__Instructions for the task__:
For this exercise, print the listing below exactly, without its pictures.

[Records for this exercise — start]

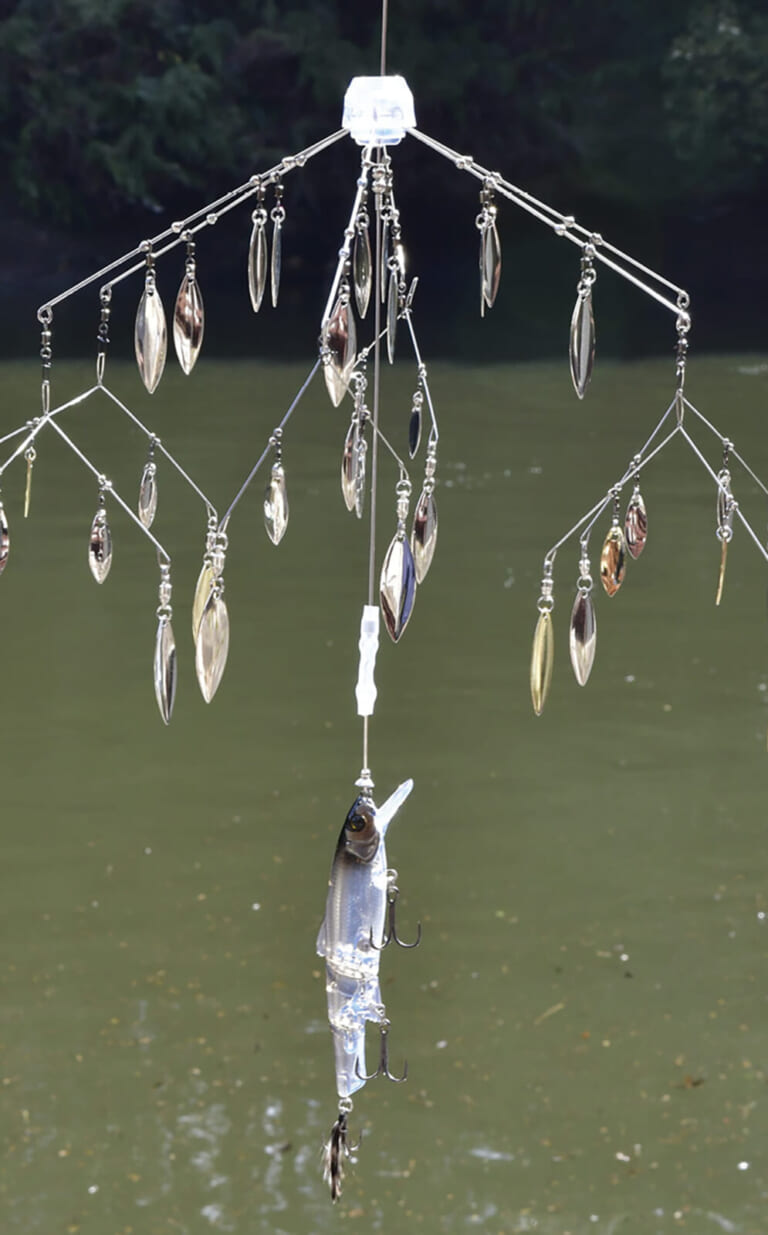 「デビル会のルールはブレードアラバマOKなので用意しました。ジーニアスのプラスブレードスクールで小魚の群れ感をさらに強めて、センターにはスリークマイキー90を装着しています。前日のプラではこれにだけバイトがありました(笑)」
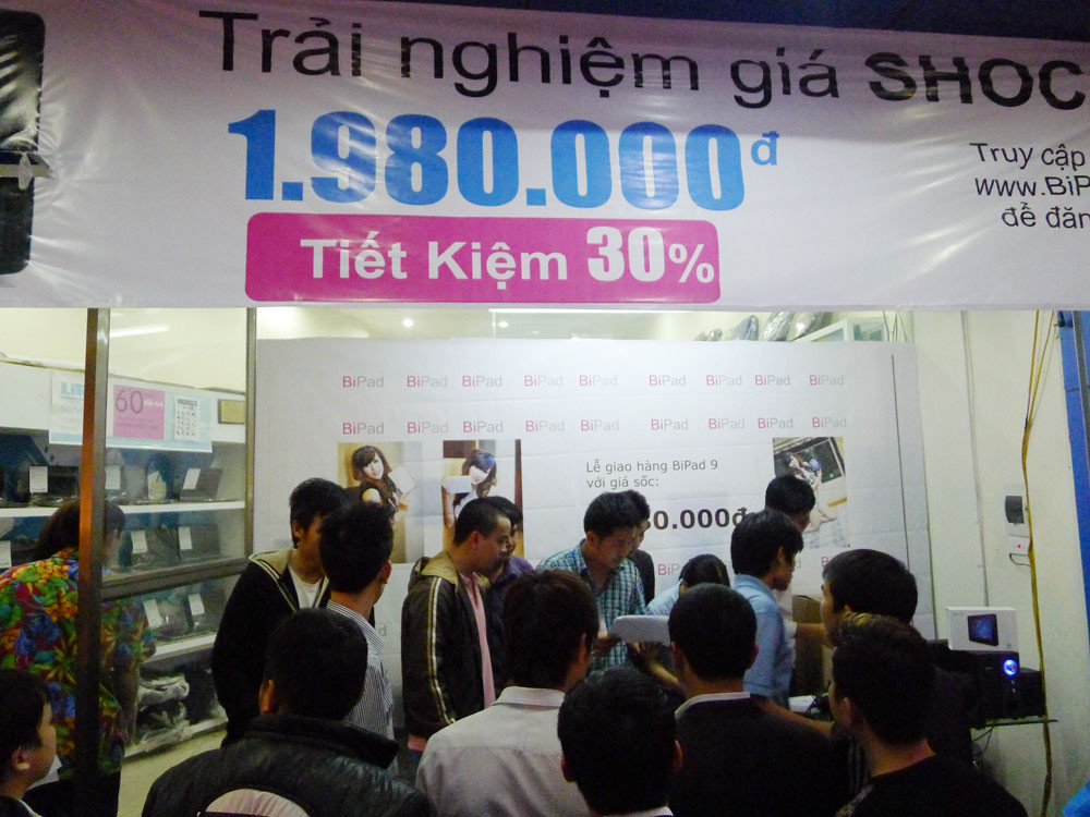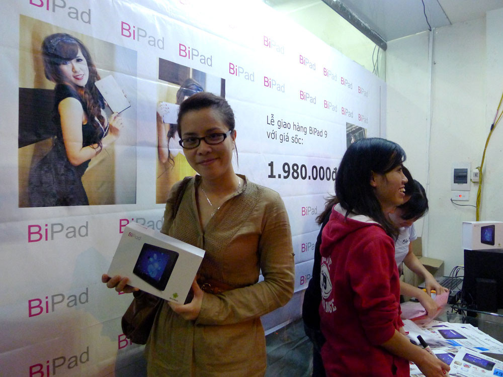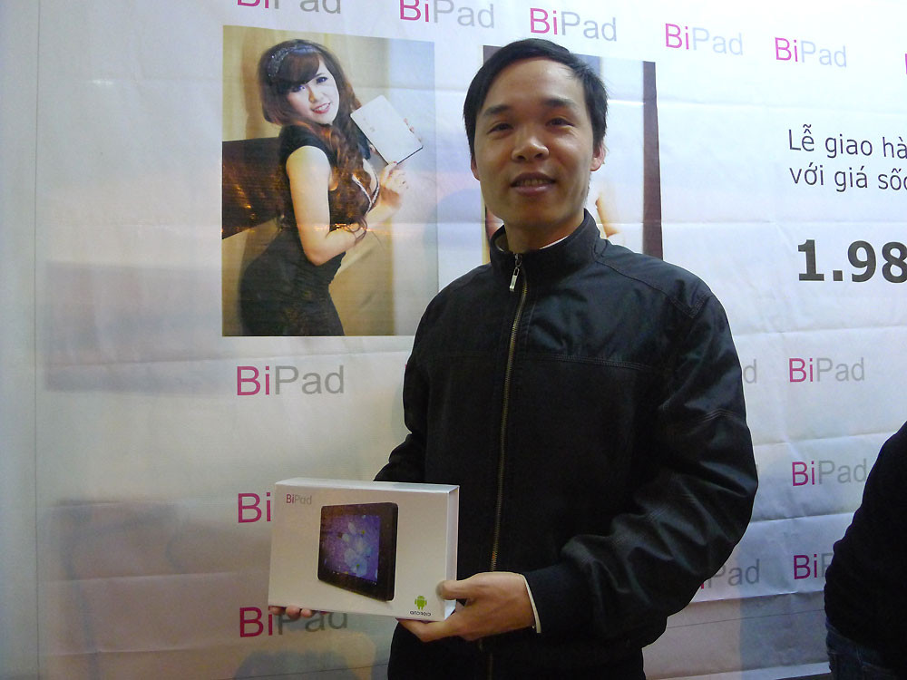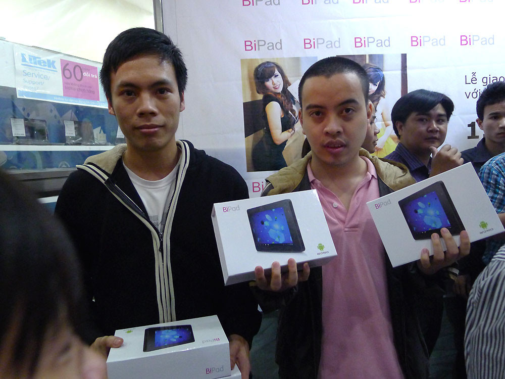 Đúng 18h đến 19h tối qua, 50 sản phẩm máy tính bảng thương hiệu Việt - BiPad đã tới tay các khách hàng Hà Nội. 50 sản phẩm còn lại cũng sẽ được giao tận tay các khách hàng tại khu vực miền Nam trong ngày hôm nay, 9-3-2012.
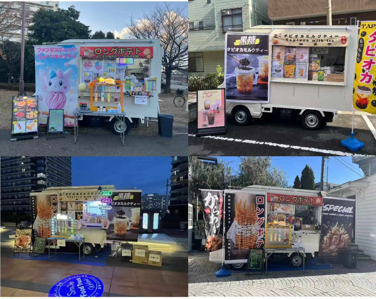 揚げもの(唐揚げ、フライドポテト、ロングポテト、チュロス、チュロドッグ、ゴマ団子、オリジナルミートソースポテトなど))、チーズハットグ、ジャンボフランク、アメリカンドッグ、かき氷、アイスクリーム、ドリンク(タピオカミルクティー、タピオカ抹茶ミルク、タピオカイチゴミル、タピオカチョコレートミルク、コーヒ)カラフル綿あめ、アルコール(ビール、サワー、ハイボールなど))
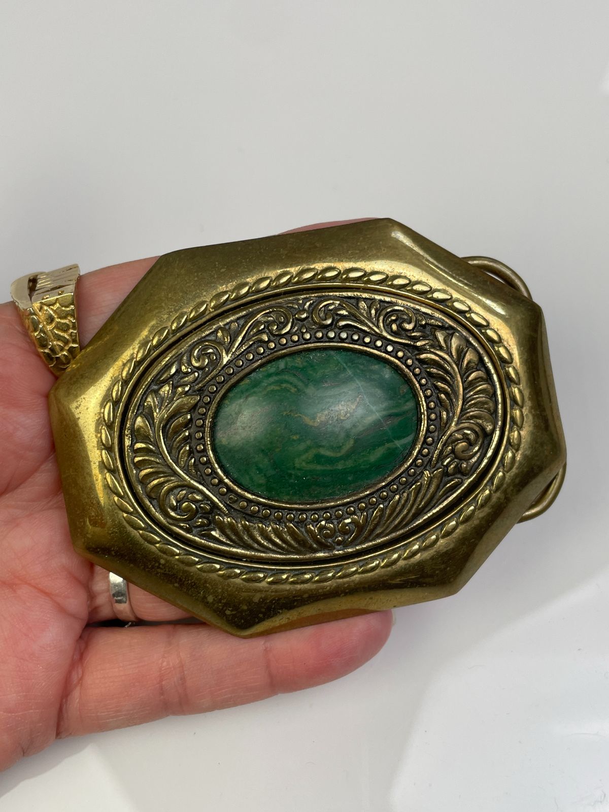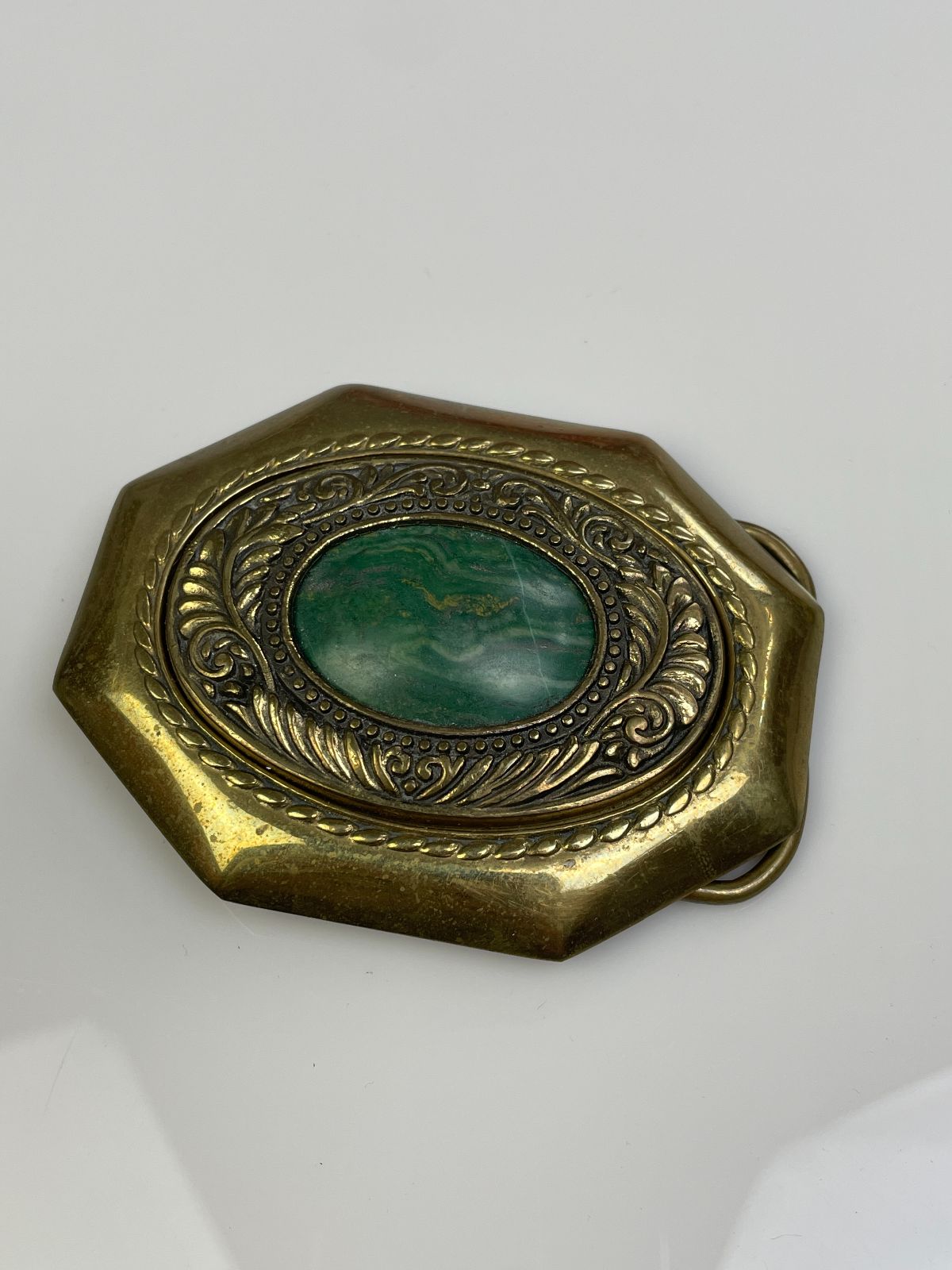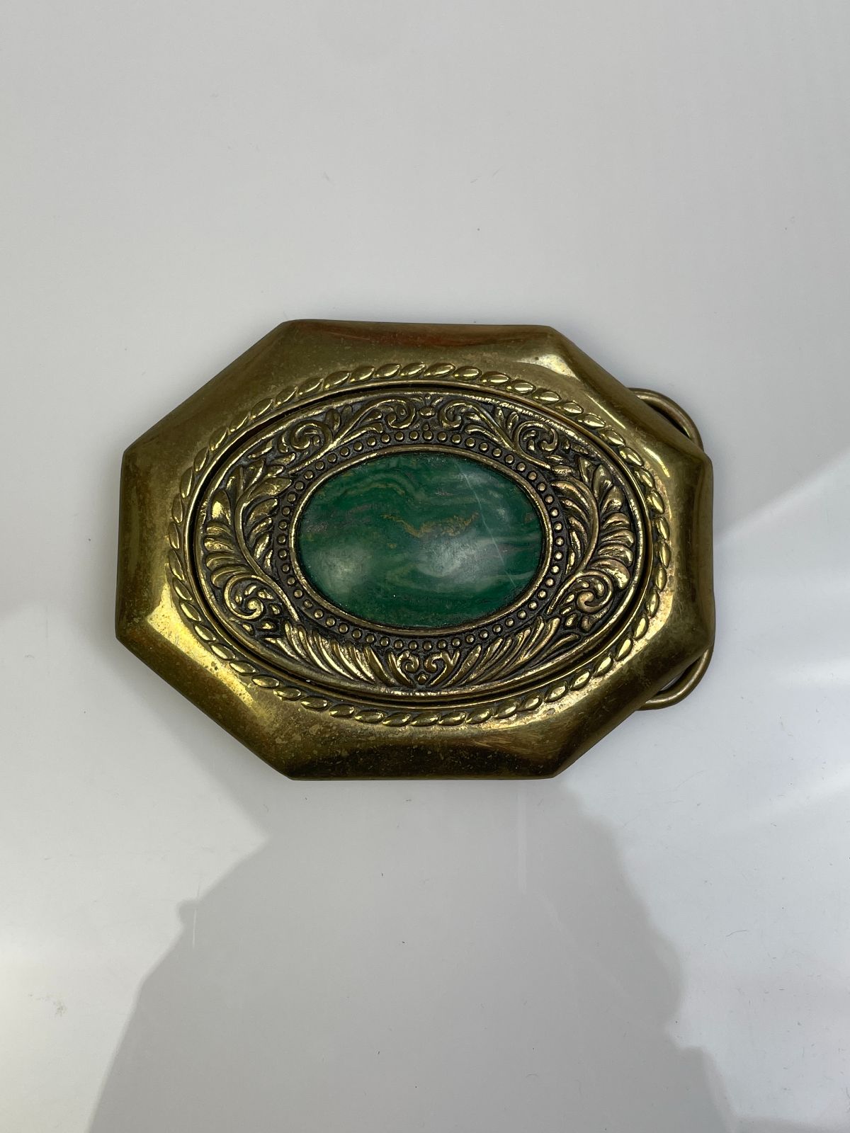 BRASS BELT BUCKLE, GREEN STONE ORNATE DESIGN BORDER
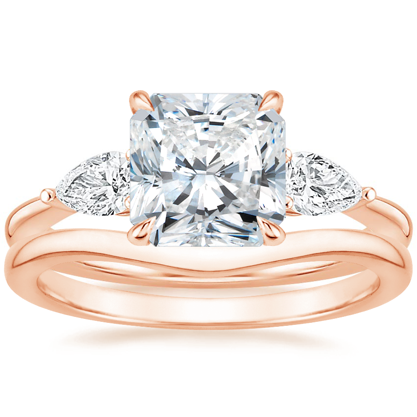 Opera Diamond Ring with Petite Curved Wedding Ring in 14K Rose Gold
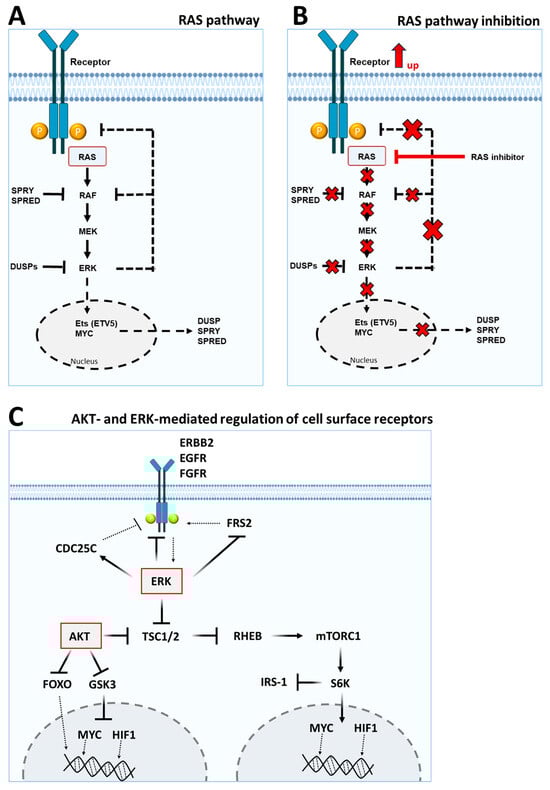 Inhibitory and feedback mechanisms of the RAS/MAPK signaling pathway. (A) Receptor tyrosine kinases (RTKs) at the plasma membrane are activated by extracellular ligands. Binding of the ligand to the receptor facilitates the activation of the tyrosine kinase activity of the cytoplasmic domain of the receptor. The tyrosine phosphorylated receptor serves as docking site for the SH2-domain containing GRB2 adapter protein. SOS, in turn, can bind to GRB2 and becomes activated. Activated SOS, via its GEF activity, promotes the exchange of GDP for GTP from a member of the RAS subfamily. GTP bound and active RAS then activates RAF kinases. RAF kinases phosphorylate and activate MEK kinases. MEK kinases phosphorylate and activate ERK kinases. ERK kinases can translocate into the nucleus of the cell and can activate different transcription factors, which among others, upregulates its own negative regulators of the DUSP, SPRY and SPRED family. High ERK activity leads to feedback mechanism and in consequence to reduced expression and/or lower activity of the initiating RTK through various mechanisms. (B) RAS/MAPK pathway inhibition leads to the loss of negative feedback in the pathway and thus to increased receptor expression, which in turn can again activate the mitogen-activated protein kinase pathway. (C) AKT- and ERK-mediated regulation of cell surface receptors. AKT and ERK control cellular transcription and activation of cell surface receptors, in part, through MYC, HIF1 and FOXO. AKT and ERK phosphorylate and inhibit TSC1/2 thus activating mTORC1 by relieving inhibition of RHEB. The S6K is a downstream target of mTORC1 and can activate MYC and HIF1 or inhibit the receptor adaptor protein IRS-1. AKT can also inhibit FOXO, MYC and HIF1, partly by inhibiting GSK3. GSK3-mediated phosphorylation of MYC and HIF1 targets their proteasomal degradation. ERK can also influence the expression and activation of receptors directly by phosphorylation or by phosphorylation of mediators such as CDC25C and FRS2.
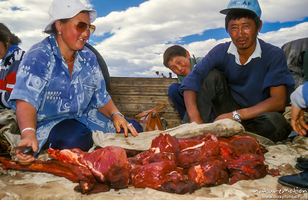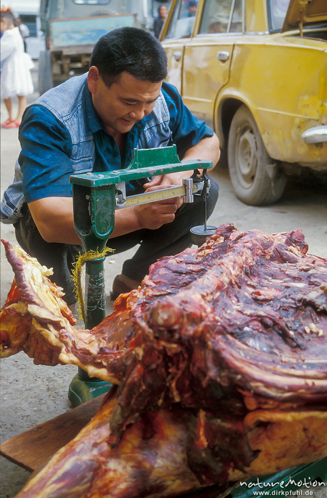 Abwiegen von Fleisch, Markt, Ulaanbaatar – Ulan Bator, ...

[Records for this exercise — finish]

__Task output__:
 「デビル会のルールはブレードアラバマOKなので用意しました。ジーニアスのプラスブレードスクールで小魚の群れ感をさらに強めて、センターにはスリークマイキー90を装着しています。前日のプラではこれにだけバイトがありました(笑)」
 Đúng 18h đến 19h tối qua, 50 sản phẩm máy tính bảng thương hiệu Việt - BiPad đã tới tay các khách hàng Hà Nội. 50 sản phẩm còn lại cũng sẽ được giao tận tay các khách hàng tại khu vực miền Nam trong ngày hôm nay, 9-3-2012.
 揚げもの(唐揚げ、フライドポテト、ロングポテト、チュロス、チュロドッグ、ゴマ団子、オリジナルミートソースポテトなど))、チーズハットグ、ジャンボフランク、アメリカンドッグ、かき氷、アイスクリーム、ドリンク(タピオカミルクティー、タピオカ抹茶ミルク、タピオカイチゴミル、タピオカチョコレートミルク、コーヒ)カラフル綿あめ、アルコール(ビール、サワー、ハイボールなど))
 BRASS BELT BUCKLE, GREEN STONE ORNATE DESIGN BORDER
 Opera Diamond Ring with Petite Curved Wedding Ring in 14K Rose Gold
 Inhibitory and feedback mechanisms of the RAS/MAPK signaling pathway. (A) Receptor tyrosine kinases (RTKs) at the plasma membrane are activated by extracellular ligands. Binding of the ligand to the receptor facilitates the activation of the tyrosine kinase activity of the cytoplasmic domain of the receptor. The tyrosine phosphorylated receptor serves as docking site for the SH2-domain containing GRB2 adapter protein. SOS, in turn, can bind to GRB2 and becomes activated. Activated SOS, via its GEF activity, promotes the exchange of GDP for GTP from a member of the RAS subfamily. GTP bound and active RAS then activates RAF kinases. RAF kinases phosphorylate and activate MEK kinases. MEK kinases phosphorylate and activate ERK kinases. ERK kinases can translocate into the nucleus of the cell and can activate different transcription factors, which among others, upregulates its own negative regulators of the DUSP, SPRY and SPRED family. High ERK activity leads to feedback mechanism and in consequence to reduced expression and/or lower activity of the initiating RTK through various mechanisms. (B) RAS/MAPK pathway inhibition leads to the loss of negative feedback in the pathway and thus to increased receptor expression, which in turn can again activate the mitogen-activated protein kinase pathway. (C) AKT- and ERK-mediated regulation of cell surface receptors. AKT and ERK control cellular transcription and activation of cell surface receptors, in part, through MYC, HIF1 and FOXO. AKT and ERK phosphorylate and inhibit TSC1/2 thus activating mTORC1 by relieving inhibition of RHEB. The S6K is a downstream target of mTORC1 and can activate MYC and HIF1 or inhibit the receptor adaptor protein IRS-1. AKT can also inhibit FOXO, MYC and HIF1, partly by inhibiting GSK3. GSK3-mediated phosphorylation of MYC and HIF1 targets their proteasomal degradation. ERK can also influence the expression and activation of receptors directly by phosphorylation or by phosphorylation of mediators such as CDC25C and FRS2.
 Abwiegen von Fleisch, Markt, Ulaanbaatar – Ulan Bator, ...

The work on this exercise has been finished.